Fenix Parts Announces Definitive Merger Agreement With Stellex Capital Management

Fenix Parts Announces Definitive Merger Agreement With Stellex Capital Management

In March 2017, the company engaged Stifel to advise the board and the company management and to assist in pursuing a range of potential strategic and financial transactions to provide the Fenix with improved liquidity and maximize shareholder value.

Fenix Parts Inc., a recycler and reseller of original equipment manufacturer (OEM) automotive products, has entered into a definitive merger agreement with Stellex Capital Management LP under which a Stellex-controlled affiliate would acquire the company for 40 cents per share in cash along with the assumption of more than $40 million in operating and long-term liabilities, including $33 million of indebtedness.

The per share cash consideration under the merger, which has been unanimously approved by the company’s board of directors, represents a premium of approximately 56 percent to the 60-day volume-weighted average stock price as of Feb. 9, the last trading day prior to the announcement by Upstate Shredding LLC of an unsolicited, non-binding offer for the company.

The merger agreement is subject to shareholder approval. The deal is expected to close in the second quarter of 2018.

Kent Robertson, CEO of the Fenix Parts, said, “We are pleased to announce this definitive merger agreement with Stellex following a long and exhaustive strategic review process, which included multiple offers from both strategic and financial entities that ultimately fell apart.
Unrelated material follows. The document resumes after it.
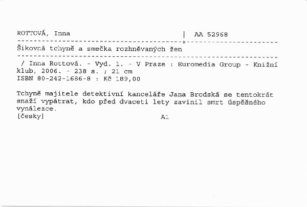 Tchyně majitele detektivní kanceláře Jana Brodská se tentokrát snaží vypátrat, kdo před dvaceti lety zavinil smrt úspěšného vynálezce.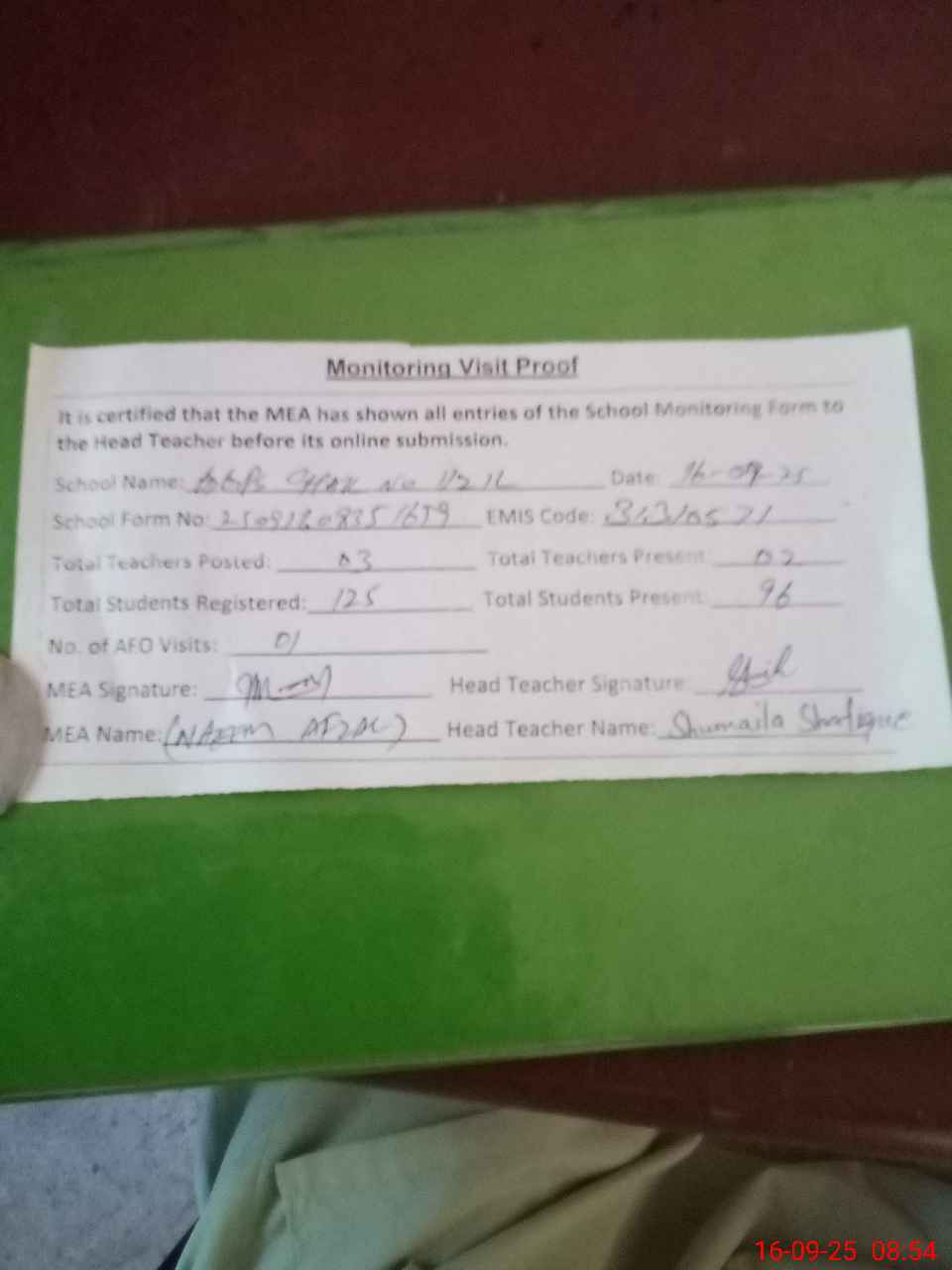 | Attendance Register | Head Teacher | MEA with School | Visit Proof |

Throughout this process, the company’s financial condition has continued to deteriorate due to ongoing liquidity constraints, which limited the company’s car-buying activity and the impact of a fire in April 2017 at our Toronto facility. As a result of continued negative cash flow from operations and the current liquidity situation, including the continuing default on our senior secured credit facility, there was significant doubt that the company could remain a going concern, limiting our options to move forward with the business. Due to all of these factors, the board believes this offer from Stellex represents the best opportunity for shareholders to maximize value.”

In March 2017, the company engaged Stifel to advise the board and the company management and to assist in pursuing a range of potential strategic and financial transactions to provide the Fenix with improved liquidity and maximize shareholder value.

Stifel is acting as financial adviser to the company and Duff & Phelps LLC rendered a fairness opinion to the board of directors. Johnson & Colmar is acting as legal counsel to the company and Mayer Brown LLP provided legal advice to the special committee of the company’s board of directors. Dentons US LLP is serving as legal counsel to Stellex.